## PROVIDED RECORDS

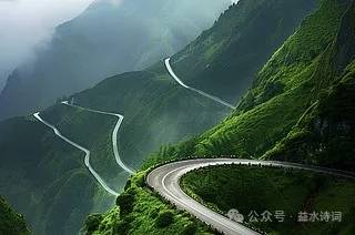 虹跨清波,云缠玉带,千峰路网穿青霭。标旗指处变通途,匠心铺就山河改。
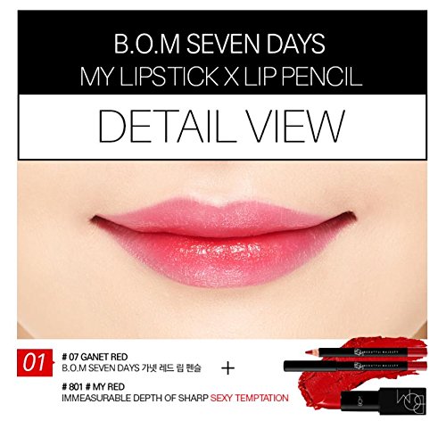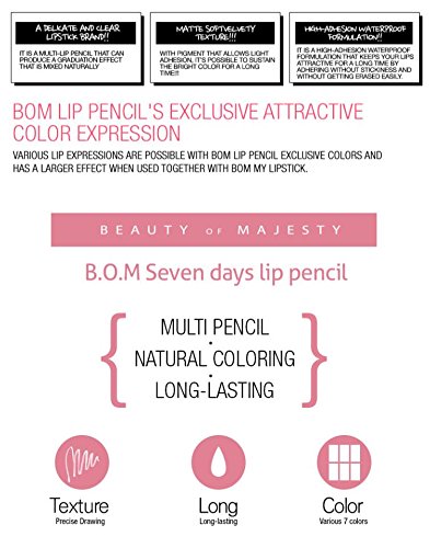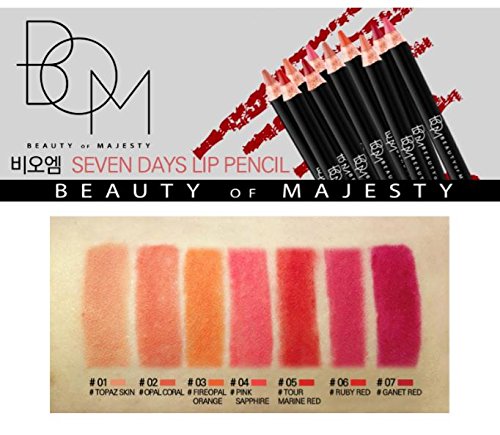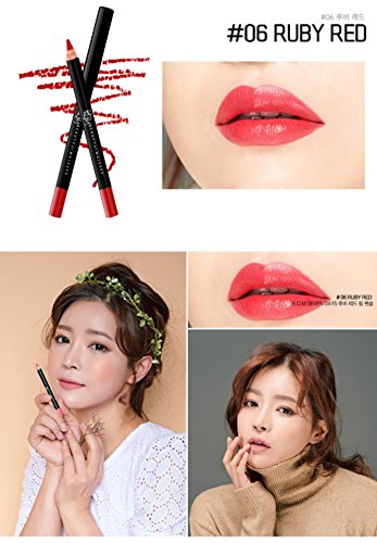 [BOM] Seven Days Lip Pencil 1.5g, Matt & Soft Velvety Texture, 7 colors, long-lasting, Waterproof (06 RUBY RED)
---
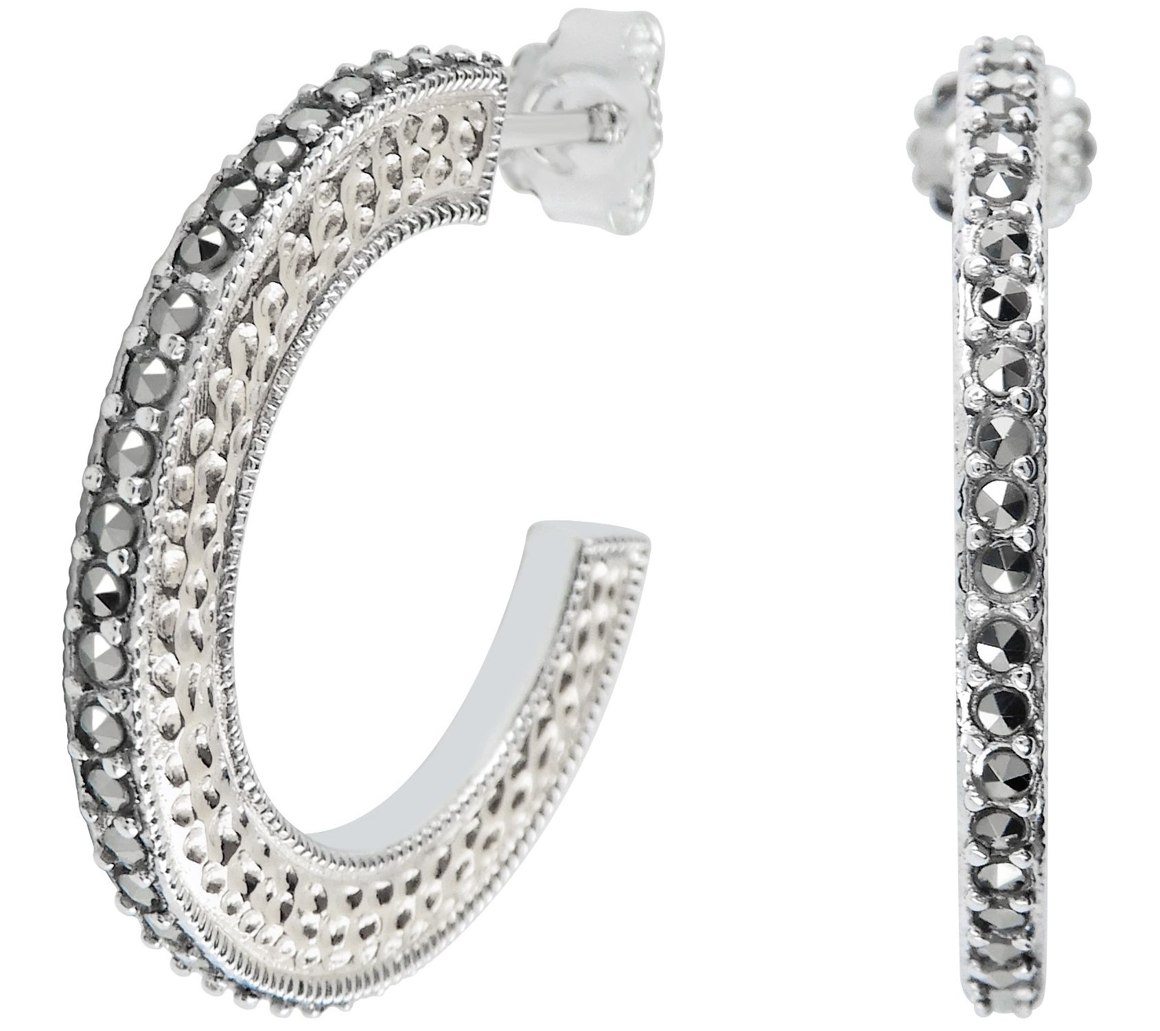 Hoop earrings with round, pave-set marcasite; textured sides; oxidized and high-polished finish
==
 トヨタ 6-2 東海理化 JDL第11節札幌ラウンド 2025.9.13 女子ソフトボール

## ACTION ITEM
Give back exactly the lines of the listing above from the one that contains "虹跨清波,云缠玉带,千峰路网穿青霭。标旗指处变通途,匠心铺就山河改。" up to and including the one that contains "[BOM] Seven Days", but not the pictures, and no other lines.

## SOLUTION TO THIS PROBLEM
 虹跨清波,云缠玉带,千峰路网穿青霭。标旗指处变通途,匠心铺就山河改。
 [BOM] Seven Days Lip Pencil 1.5g, Matt & Soft Velvety Texture, 7 colors, long-lasting, Waterproof (06 RUBY RED)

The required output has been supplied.